The decoder parses the bitstream according to the signaling
protocol used by the encoder and decoder. In one implementation,
the decoder retrieves frame class information indicating general
class (e.g., voiced, unvoiced, silent) for a frame and a single
additional bit that signals "intra" or "predicted" for a voiced or
transition frame. Alternatively, the decoder gets intra/predicted
frame class information for other and/or additional classes of
frames, or by another signaling mechanism.
[0103] The decoder determines (720) whether the frame is an intra
frame or predicted frame. If the frame is a predicted frame, the
decoder gets (740) the predicted frame parameters for the frame.
The exact parameters used for predicted frames depend on
implementation. The decoder reconstructs (742) the excitation
signal for the predicted frame from the relevant parameters and
interpolates (744) filter coefficient information with filter
coefficient information from another frame, so as to smooth
transitions in coefficient values between the frames. The decoder
may also apply interpolation within a predicted frame for different
sets of coefficients.
[0104] If the frame is an intra frame, the decoder gets (730) the
intra frame parameters for the frame. The exact parameters used for
intra frames depend on implementation. Intra frames typically lack
pitch values and gain values that require long-term prediction. The
decoder reconstructs (732) the excitation signal for the intra
frame from the relevant parameters.

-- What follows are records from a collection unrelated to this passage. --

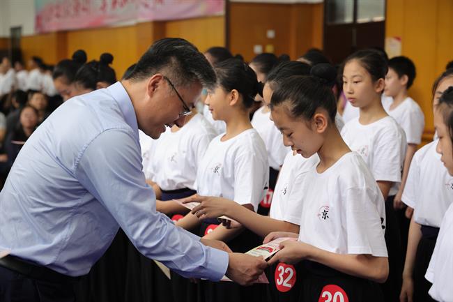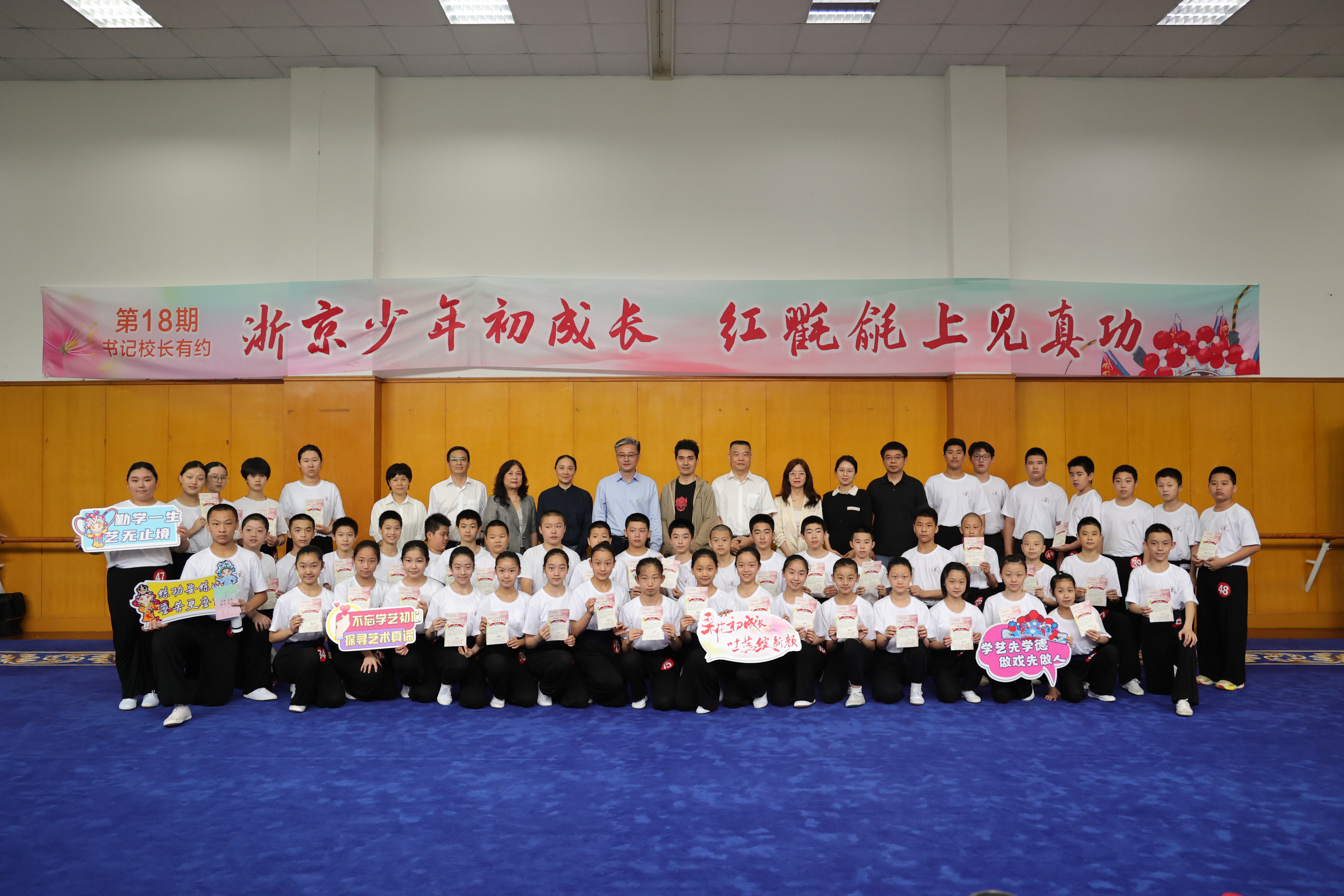 活动最后,行业嘉宾、校团领导共同为京剧班的同学们送上书记校长有约纪念卡。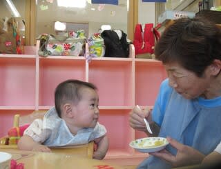 「もぐもぐ美味しいね♡」こちらが照れてしまうほどじーっと見つめてくれる0歳児さん。
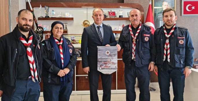 İzcilik Federasyonu Erzurum İl Temsilcisi Nuri Karslı, Gençlik ve Spor İl Müdürü Levent Çakmur’a federasyonun daha önceki senelerde Allahu Ekber Şehitlerine yaptıkları yürüyüşün simgesini taşıyan flamayı hediye etti.

The decoder may skip
cross-frame interpolation of filter coefficient information for
intra frames to reduce memory dependence for such information,
while still applying interpolation within an intra frame for
different sets of LP coefficients.
[0105] The decoder then applies (750) the LP filter for the intra
or predicted frame and adds the excitation signal for the frame to
reconstruct the frame. In some embodiments, synthesis filtering for
intra and predicted frames relies on previously reconstructed
samples from a previous frame for start state, where the samples
are reproduced with error concealment techniques if necessary. In
other embodiments, synthesis filtering for an intra frame uses a
specially coded start state vector for the start of the intra frame
or buffer area samples, so as to remove the memory dependence on
previous frame samples.
[0106] Many different criteria can be used to determine when to
insert intra frames, and intra frame usage can vary dynamically.
Intra frames may be introduced at a regular interval (as described
below with reference to FIG. 8), at selective times, or on some
other basis. For example, the encoder may selectively skip intra
frame insertion when it is not needed (e.g., if there are several
silent frames that act as natural reset points). Skipping
interpolation of coefficient information between an intra frame and
the preceding frame can lead to distortion. So, the encoder may
change locations of intra frames so as to improve overall
quality.
[0107] FIG. 8 shows a technique for adjusting intra frame rate in
view of feedback from a network and/or decoder. The encoder gets
(810) feedback from a network and/or decoder. The network feedback
indicates network bandwidth, network noise condition, and/or
network congestion levels. The decoder feedback indicates the
number or rate of packets that the decoder has been unable to
decode, for one reason or another. Alternatively, the encoder gets
other and/or additional feedback.
[0108] The encoder then sets (820) the intra frame rate by
increasing, decreasing, or maintaining the intra frame rate. The
encoder increases intra frame rate when network losses are more
likely so as to allow better recovery from packet losses, and
decreases intra frame rate when network losses are less likely.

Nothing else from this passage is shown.